VulnHub

Kaspersky's GReAT team has released findings on a sophisticated attack by a group known as Evasive Panda APT. This group employs a technique that poisons DNS requests to deploy a malicious implant called MgBot. The attack chain includes the use of shellcode that is encrypted with DPAPI and RC5, making it harder to detect. This method poses a significant risk as it can compromise systems and networks by redirecting legitimate traffic to malicious sites. Organizations need to be aware of these tactics to prevent potential breaches and protect their infrastructure.

A new advanced persistent threat (APT) group, identified as LongNosedGoblin, has been observed targeting government networks across Southeast Asia and Japan. This group, which appears to have links to China, is using Group Policy to infiltrate these networks, allowing them to gather sensitive information. The attack is particularly concerning because it affects national security and could lead to the compromise of confidential government communications. Researchers believe that this activity underscores the ongoing cyber espionage efforts aimed at government entities in the region, raising alarms about the security posture of these nations. The implications of such breaches could be significant, potentially impacting diplomatic relations and national security strategies.

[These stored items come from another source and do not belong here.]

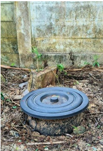
๑๔) ครัวเรือนที่ ๑๔
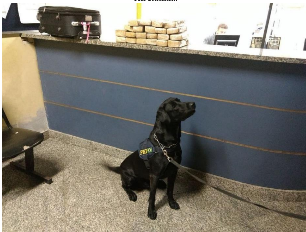
Imagem 15 – Cães farejadores auxiliaram nas buscas pela droga durante abordagem na Dutra, em Itatiaia.

Data: 25 de fevereiro de 2018.
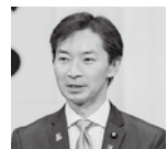
宮本周司 経済産業大臣政務官

The hacking group known as LongNosedGoblin has been targeting Asian governments by deploying cyberespionage tools on their networks using Group Policy. This method allows them to effectively infiltrate and operate within government systems, raising concerns about national security and data integrity. Researchers have identified this group as a persistent threat, which could compromise sensitive information and disrupt governmental operations. The implications are significant, as such attacks could weaken trust in governmental digital infrastructures and potentially expose critical data to adversaries. As this activity continues, it emphasizes the need for robust cybersecurity measures in governmental organizations to protect against such sophisticated attacks.

Kaspersky researchers have reported on the recent activities of the Cloud Atlas advanced persistent threat (APT) group in early 2025. This group has updated their arsenal with new malicious tools, including backdoors known as VBShower, VBCloud, PowerShower, and CloudAtlas. These implants are designed to infiltrate and control targeted systems, which typically include government and corporate networks. The evolving tactics of Cloud Atlas highlight the ongoing risks to organizations, particularly those in sensitive sectors. Companies need to remain vigilant and enhance their cybersecurity measures to defend against these sophisticated threats.

Cisco has disclosed a critical zero-day vulnerability, tracked as CVE-2025-20393, affecting its Secure Email Gateway and Secure Email/Web Manager products. This vulnerability is currently being exploited by a China-linked advanced persistent threat group known as UAT-9686. The attack campaign began on December 10 and targets specific systems, raising significant concerns for organizations relying on these Cisco products. Users and administrators should be particularly vigilant, as this active exploitation could lead to unauthorized access and data breaches. The urgency of addressing this vulnerability cannot be overstated, given its potential impact on email security and the sensitive information handled by these systems.

Kaspersky's GReAT team has reported an increase in cyberattacks from the ForumTroll APT group, which is specifically targeting Russian political scientists. The attackers are using a tool known as the Tuoni framework to infiltrate their devices. This situation is concerning as it shows a focused attempt to compromise the devices of individuals involved in political research, potentially to gather sensitive information or disrupt their work. The targeting of political scientists indicates a strategic move to influence or monitor political discourse in Russia. These incidents serve as a reminder of the ongoing risks faced by academics and researchers in politically sensitive environments.

The article reports on a joint investigation revealing a remote IT worker infiltration scheme linked to North Korea's Lazarus Group. This scheme highlights the persistent threat posed by state-sponsored cyber actors, emphasizing the need for heightened awareness and security measures against such infiltration tactics.

China's state-sponsored hackers, known as 'PlushDaemon', have developed a method to infect routers and hijack software updates, primarily targeting Chinese organizations. This sophisticated approach allows them to operate under the radar, posing a significant threat to cybersecurity within the region.